沖縄の動物、植物、あれこれを紹介します。

リュウキュウイヌ

2011年04月21日 | 沖縄の動物:哺乳類

 あっ、アカインだ!

 小学生の頃、私には遊び仲間のグループがいくつかあった。隣近所に住む2、3つ歳の差がある数人のグループ。家は離れていたが、漫画が大好きで、よく一緒に漫画を描いていた同級生のグループ。通り一つ隔てたところに住む同級生Yを中心とした優等生のグループ。少し離れたところに住む勉強もスポーツもできて、ケンカも強かったクラスのリーダーSを中心としたグループなどがあり、そしてもう一つ、Sの近くに家のあった同級生Nを中心としたグループがあった。Nはいわゆる劣等生で、大人たちから見れば悪ガキの代表。ちょっと危険な遊びは、たいてい彼がリーダーであった。
 他人の家の屋根から屋根へ飛び移り、走り回って忍者のような真似をしたり、建築現場から木材をかっぱらって、それで筏を作って大きな池で乗り回したり、近くの外人住宅地に向かってわけもなく石を投げたり、ゴムカン(ゴムで石を飛ばすパチンコのことを我々はこう呼んでいた)でスズメなどを撃ったりしたことなどが記憶に残っている。

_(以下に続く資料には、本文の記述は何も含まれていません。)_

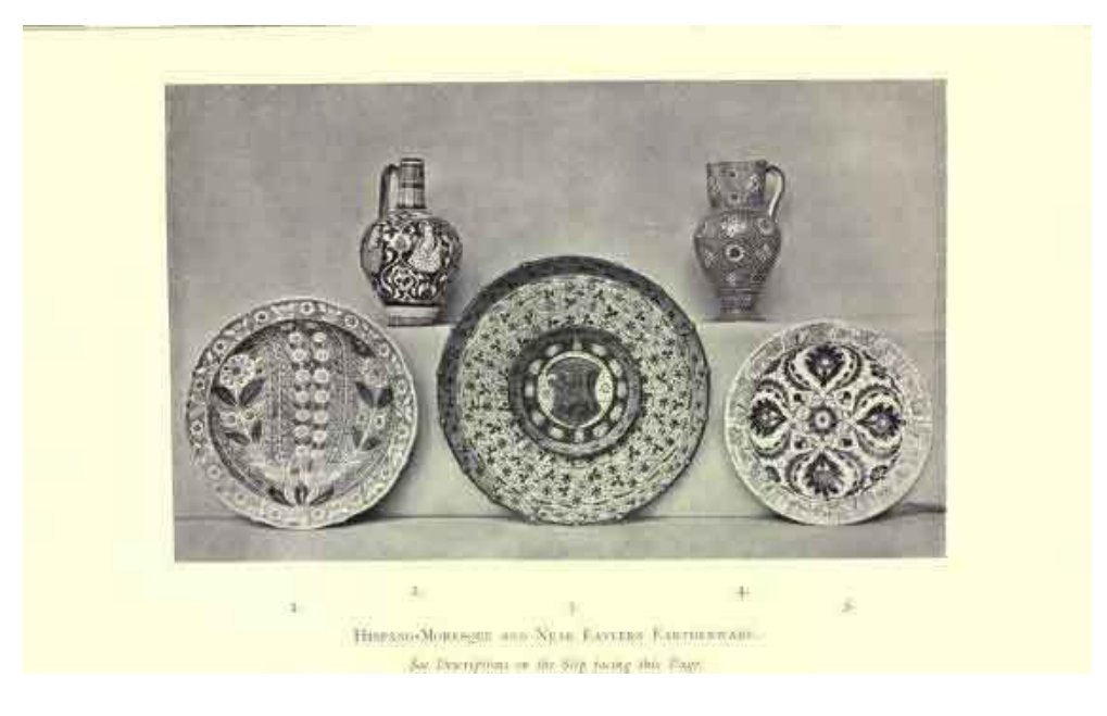
Catalogue of Persian and Arab Art, BFAC

Catalogue of Persian and Arab Art , Burlington Fine Arts Club, 1885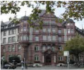
Rentenanstalt/Swiss Life 6,500 m 2 General Guisan Quai 38, Zurich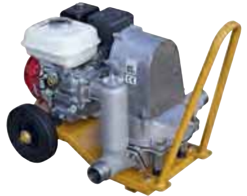
SMD50HT TROLLEY MOUNTED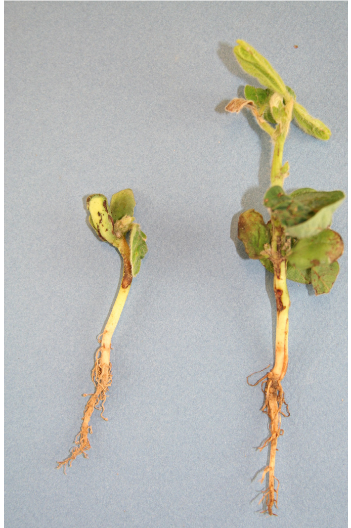
Figure 4. Injury to soybeans seedlings caused by a pre-emergence application of flumioxazin.

Pre-emergence, PPO-inhibiting herbicides are commonly applied as part of a pre-mix product used as additional modes-of-action to control a broad weed spectrum. The label states that these products are to be applied within three days after planting. If pre-emergence, PPO-inhibiting herbicides do cause damage to soybean plants, the signs of damage will often show up in cool, wet conditions that can slow emergence. Damage can also be observed if the growing season has been dry after planting, but the grower receives a light rainfall of 0.2 to 0.4 inches of moisture or applies a light irrigation just as the soybeans emerge through the soil surface. In this scenario, the dry post-planting conditions could have allowed the herbicide to remain on the soil surface and the following moisture could have moved the herbicide into the seed row and onto the emerging seedlings. The signs of PPO-inhibiting herbicide damage to the seedlings can vary, but often appear as a “burnt” reddish-colored spot to the side of the hypocotyl or on the already emerged leaves, which can often be confused with phytophthora root rot. 2 Always read and follow the herbicide label directions.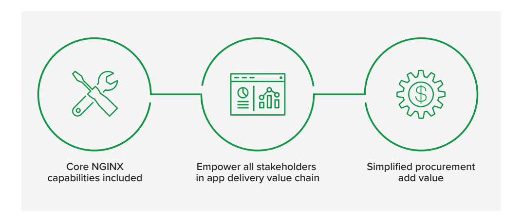
Figure 1: The best of all worlds

NGINX is a proven technology for optimizing application and API performance, security, and scalability in varied cloud environments. Its lightweight design, extraordinary versatility, and consistent stability have made it a go-to tool, particularly for developers needing to optimize delivery and security near their code. NGINX is used by a third of all websites, has over a billion docker image downloads, and is used in nearly half of the organizations running containers.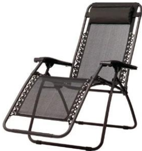
■ Reclining chair Rental fee : 6,000 JPY Size : W640×D930×H1120 (W640×D1,650×H820) Color : Black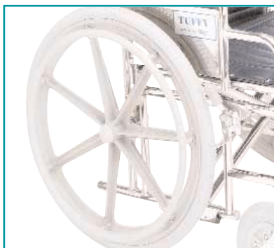
Composite handrims eliminates uncomfortable feel in winter time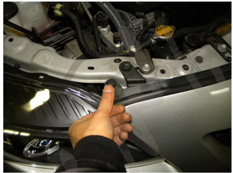
24. Replace the (9) plastic clips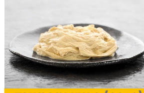
TSUMAMI YUBA (NO. 2)

Food Service Case: 2 x 2.5 lbs. UPC: 853404002275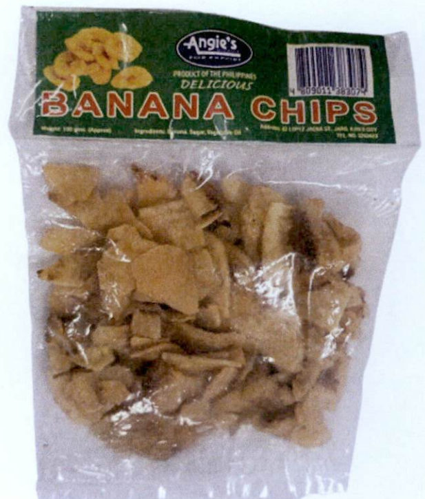
Figure 5. Unregistered ANGIE'S Banana Chips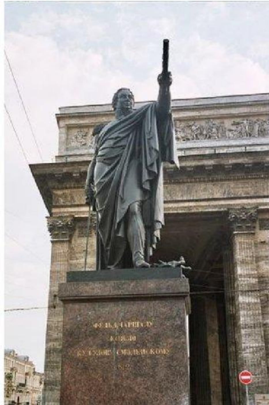
Field Marshal M. I. Kutuzov

Monuments memorial stressed the importance of the Kazan Cathedral as a kind of monument to the immortal feats performed by Russian soldiers in the name of the Fatherland.

  Nのことで最も印象に残っているのは、じつは、そういった遊びとは別にある。セミを食べるという話は父母からも聞いていたので、彼がセミを食べたという話を聞いてもそう驚くことでは無かったが、ある日、一緒に遊んでいると、「あっ、アカインだ!」と急に叫んで、彼が走り出した。しばらくして戻ってきて、「ちぇ、逃がしたひゃー。」と残念がった。アカインとは犬のこと。赤い毛をした犬のことを言う。その後、彼から衝撃的な言葉を聞く。「あれはマーサンドー(美味しいよ)」とのこと。
 犬を食べるという話は、父母からも聞いていなかったので、「犬を食うのか」と私は驚いたのである。あとになって、沖縄では犬も食用としていて、沖縄の伝統的な薬膳料理には犬肉の料理や猫肉の料理があることを知った。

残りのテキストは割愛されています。